Postcard from Hawaii: Hurricanes come out in force

KAPOLEI, Hawaii -- With its sprawling campus, it looks more like a small college, tucked in a middle- to upper-class neighborhood that's surrounded by tract housing, orchid gardens and cleanly swept streets.

But it's a high school, Kapolei High School, a new facility that opened its doors in 2000. It currently serves more than 2,300 students on 60 acres of land that once contained only sugar cane fields.

It's an atypical high school, with very typical students.

"These kids are just like any kids in America," said John Keogh, a business and Spanish teacher at the school. "Hawaii is very unique in that, just look at these kids walking by. You've got Filipinos, you've got Vietnamese, Japanese, American Samoan.

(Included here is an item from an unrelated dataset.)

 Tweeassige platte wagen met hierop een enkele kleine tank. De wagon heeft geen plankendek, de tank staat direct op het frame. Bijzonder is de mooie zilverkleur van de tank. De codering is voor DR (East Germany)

"But we don't have a pro team here. UH (University of Hawaii) is our team."

This week, Hawaiians have two pro teams again. The AFC and the NFC, its members here preparing for the Pro Bowl. And they're practicing literally in the backyard of the high school, on the practice field that houses the football team that took out defending state champion Kahuku in the 2007 playoffs. It was a victory folks around these parts still refer to as the day they "Shocked the World."

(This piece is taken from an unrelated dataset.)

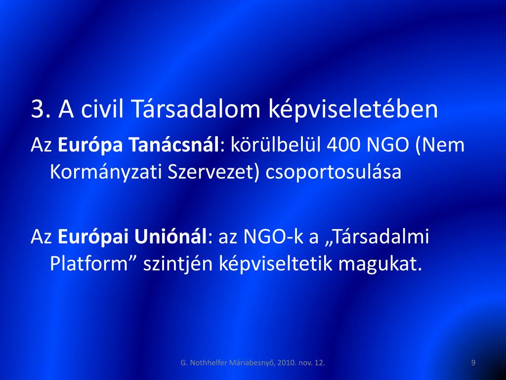 3. A civil Társadalom képviseletében Az Európa Tanácsnál: körülbelül 400 NGO (Nem Kormányzati Szervezet) csoportosulása Az Európai Uniónál: az NGO-ka „Társadalmi Platform” szintjén képviseltetik magukat. G. Nothhelfer Máriabesnyő, 2010. nov. 12.

The Hurricanes are getting treated this week by the NFL, which moved its three days of Pro Bowl practice from a field in Ko Olina adjacent to the players' hotel to Kapolei High.

"We got word about a month ago that they would be playing here," said Keogh, a Buffalo, N.Y., transplant. "We loved the idea, we jumped on the opportunity. To be by world-class athletes, we thought, 'Let's do it.' These guys are the best at what they do, so it's been exciting for our kids."

Teachers volunteered to bring their students to 20-minute sessions. Some stood waving team flags, others wore their NFL gear. The most popular jersey was of Seahawks inside linebacker Lofa Tatupu, making his second Pro Bowl appearance. Tatupu is the son of former Patriots fullback Mosi Tatupu, a standout player at Punahou School in Honolulu where he set several Hawaii state rushing records.

"I was pretty excited that they were going to be playing on our football field," said Kyle Kettner, a senior at Kapolei High who was one of those in attendance at Tuesday's AFC session where he got to see his two favorite players, Broncos safety John Lynch and cornerback Champ Bailey.

"This is a once-in-a-lifetime opportunity. A lot of people in Hawaii have never been to an NFL game, so for the Pro Bowl to come here every year is pretty big."